Lance Corporal Richard Allen Anderson (16 April 1948 – 24 August 1969) was a United States Marine who was awarded the Medal of Honor posthumously for his heroic actions above and beyond the call of duty in August 1969 during the Vietnam War.

On 24 August 1969, Anderson's platoon was ambushed near Vandegrift Combat Base in Quang Tri Province. Anderson was wounded early in the skirmish, but delivered suppressing fire on the North Vietnamese forces. When a militant threw a grenade at the American forces, Anderson threw himself on it and saved the life of another Marine.

Biography
Anderson was born on 16 April 1948, in Washington, D.C. At an early age, he moved with his parents to Houston, Texas.
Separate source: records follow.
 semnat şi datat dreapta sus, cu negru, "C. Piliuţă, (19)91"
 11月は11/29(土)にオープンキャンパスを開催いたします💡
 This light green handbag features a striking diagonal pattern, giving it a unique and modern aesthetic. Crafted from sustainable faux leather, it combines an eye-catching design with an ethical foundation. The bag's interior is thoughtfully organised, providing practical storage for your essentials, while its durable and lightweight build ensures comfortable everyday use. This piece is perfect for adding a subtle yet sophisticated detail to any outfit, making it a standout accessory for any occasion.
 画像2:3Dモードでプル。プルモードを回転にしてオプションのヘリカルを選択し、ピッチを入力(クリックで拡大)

He graduated from M.B. Smiley High School there in May 1966, then attended San Jacinto Junior College in Pasadena, Texas, for a year and a half.

Anderson enlisted in the Marine Corps in Houston on 8 April 1968. Upon completion of recruit training with the 2d Recruit Training Battalion, Marine Corps Recruit Depot, San Diego, California, he received individual combat training with the 1st Battalion, 2d Infantry Training Regiment, Marine Corps Base, Camp Pendleton, California, and returned to San Diego to attend Sea School. He was promoted to Private First Class (PFC) effective 1 July 1968.
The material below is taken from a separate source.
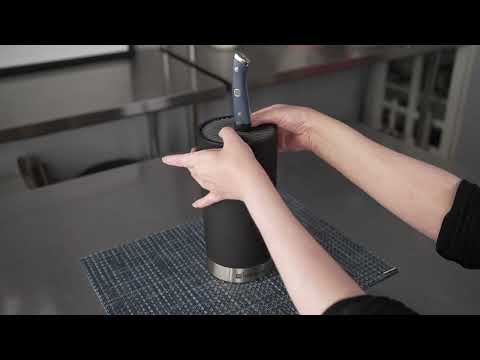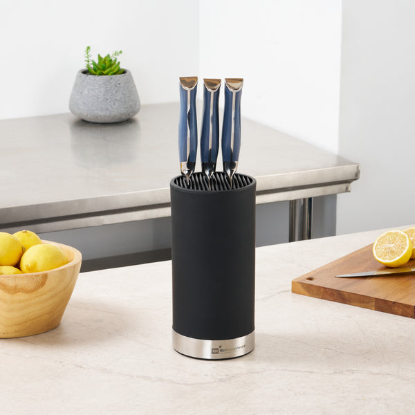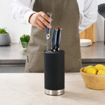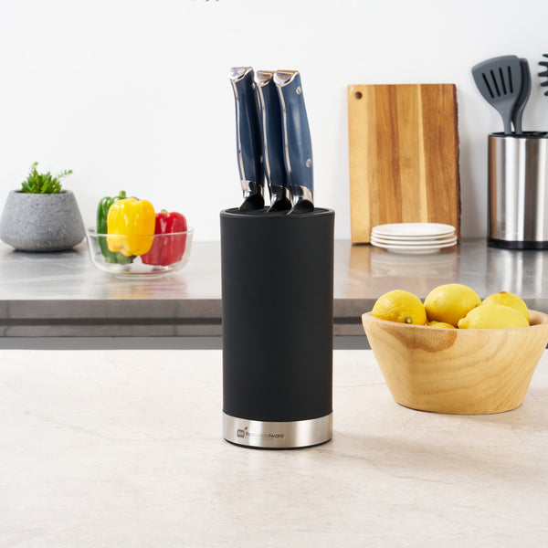 Safely store your kitchen knives while keeping them easily accessible with our Sensei Round Black Knife Block. The slotted top design of this kitchen knife block insert securely holds up to 9 knives without scratching the blades. Plus, the soft touch insert is conveniently removable, providing you with an easy way to thoroughly clean the insert after service hours. With a compact design, this countertop knife block keeps all of your cutlery in one location and maximizes counter space to provide you with plenty of room to cut, slice, or dice ingredients. Crafted from durable plastic with a stainless steel band, this black knife effortlessly complements the color of your kitchen appliances and is built to maintain its exceptional design. This knife holder measures 4.25 inches in diameter by 9 inches in height. Shipped in a 1 count box.

PFC Anderson completed his training in October 1968, and was ordered to the Far East, where he joined Sub Unit #1, Provisional Service Battalion, 9th Marine Amphibious Brigade.
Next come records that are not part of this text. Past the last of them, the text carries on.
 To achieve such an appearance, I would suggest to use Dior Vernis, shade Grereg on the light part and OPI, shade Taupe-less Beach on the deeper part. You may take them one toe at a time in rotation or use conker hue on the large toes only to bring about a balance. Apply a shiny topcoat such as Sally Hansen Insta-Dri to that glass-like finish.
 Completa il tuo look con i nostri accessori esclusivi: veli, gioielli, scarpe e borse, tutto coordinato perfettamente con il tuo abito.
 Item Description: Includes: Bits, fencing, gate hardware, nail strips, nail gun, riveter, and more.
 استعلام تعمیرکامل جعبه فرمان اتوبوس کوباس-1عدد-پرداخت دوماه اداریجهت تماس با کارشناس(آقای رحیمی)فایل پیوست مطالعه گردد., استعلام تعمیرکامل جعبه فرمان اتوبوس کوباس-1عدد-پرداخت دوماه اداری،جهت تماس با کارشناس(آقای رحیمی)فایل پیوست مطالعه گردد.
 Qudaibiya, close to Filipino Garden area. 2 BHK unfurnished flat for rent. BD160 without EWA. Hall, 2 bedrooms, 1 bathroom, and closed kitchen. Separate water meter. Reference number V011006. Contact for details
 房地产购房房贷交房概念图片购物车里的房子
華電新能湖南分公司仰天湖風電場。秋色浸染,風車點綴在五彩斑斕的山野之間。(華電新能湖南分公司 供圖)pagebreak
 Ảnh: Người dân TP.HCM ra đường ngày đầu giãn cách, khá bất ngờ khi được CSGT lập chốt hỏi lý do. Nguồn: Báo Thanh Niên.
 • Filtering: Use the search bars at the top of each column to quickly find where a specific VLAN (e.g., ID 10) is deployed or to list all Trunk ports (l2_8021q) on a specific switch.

In November 1968, he was reassigned duty with the 3rd Marine Division in the Republic of Vietnam, and served initially as a rifleman with Company D, 1st Battalion, 4th Marines. In January 1969, he assumed duty as scout and, later, Assistant Fire Team Leader with Company E, 3rd Reconnaissance Battalion, 3rd Marine Division. He was promoted to Lance Corporal effective 1 June 1969.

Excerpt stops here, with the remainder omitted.